RoboPearls: Editable Video Simulation for Robot Manipulation
- URL: http://arxiv.org/abs/2506.22756v1
- Date: Sat, 28 Jun 2025 05:03:31 GMT
- Title: RoboPearls: Editable Video Simulation for Robot Manipulation
- Authors: Tao Tang, Likui Zhang, Youpeng Wen, Kaidong Zhang, Jia-Wang Bian, xia zhou, Tianyi Yan, Kun Zhan, Peng Jia, Hefeng Wu, Liang Lin, Xiaodan Liang,
- Abstract summary: RoboPearls is an editable video simulation framework for robotic manipulation.<n>Built on 3D Gaussian Splatting (3DGS), RoboPearls enables the construction of photo-realistic, view-consistent simulations.<n>We conduct extensive experiments on multiple datasets and scenes, including RLBench, COLOSSEUM, Ego4D, Open X-Embodiment, and a real-world robot.
- Score: 81.18434338506621
- License: http://creativecommons.org/licenses/by-nc-nd/4.0/
- Abstract: The development of generalist robot manipulation policies has seen significant progress, driven by large-scale demonstration data across diverse environments. However, the high cost and inefficiency of collecting real-world demonstrations hinder the scalability of data acquisition. While existing simulation platforms enable controlled environments for robotic learning, the challenge of bridging the sim-to-real gap remains. To address these challenges, we propose RoboPearls, an editable video simulation framework for robotic manipulation. Built on 3D Gaussian Splatting (3DGS), RoboPearls enables the construction of photo-realistic, view-consistent simulations from demonstration videos, and supports a wide range of simulation operators, including various object manipulations, powered by advanced modules like Incremental Semantic Distillation (ISD) and 3D regularized NNFM Loss (3D-NNFM).
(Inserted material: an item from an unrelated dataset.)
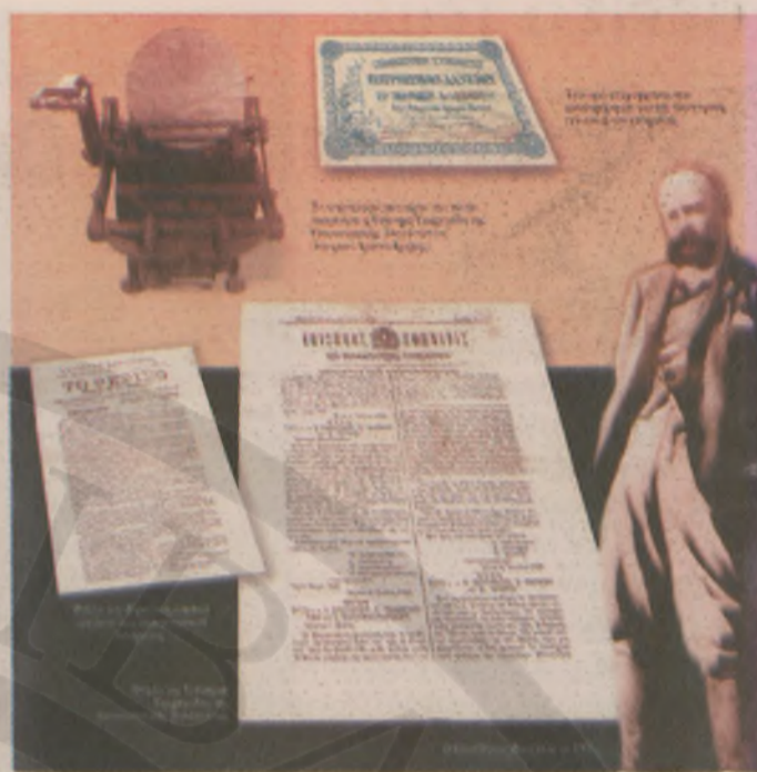
Υλικό από το συνέδριο για τα 100 χρόνια από την Επανάσταση Θέρισου (Εθνικό Ίδρυμα Ερευνών & Μελετών "Ελ. Βενιζέλος", 3-5 Μαρτίου 2005).

Moreover, by incorporating large language models (LLMs), RoboPearls automates the simulation production process in a user-friendly manner through flexible command interpretation and execution. Furthermore, RoboPearls employs a vision-language model (VLM) to analyze robotic learning issues to close the simulation loop for performance enhancement. To demonstrate the effectiveness of RoboPearls, we conduct extensive experiments on multiple datasets and scenes, including RLBench, COLOSSEUM, Ego4D, Open X-Embodiment, and a real-world robot, which demonstrate our satisfactory simulation performance.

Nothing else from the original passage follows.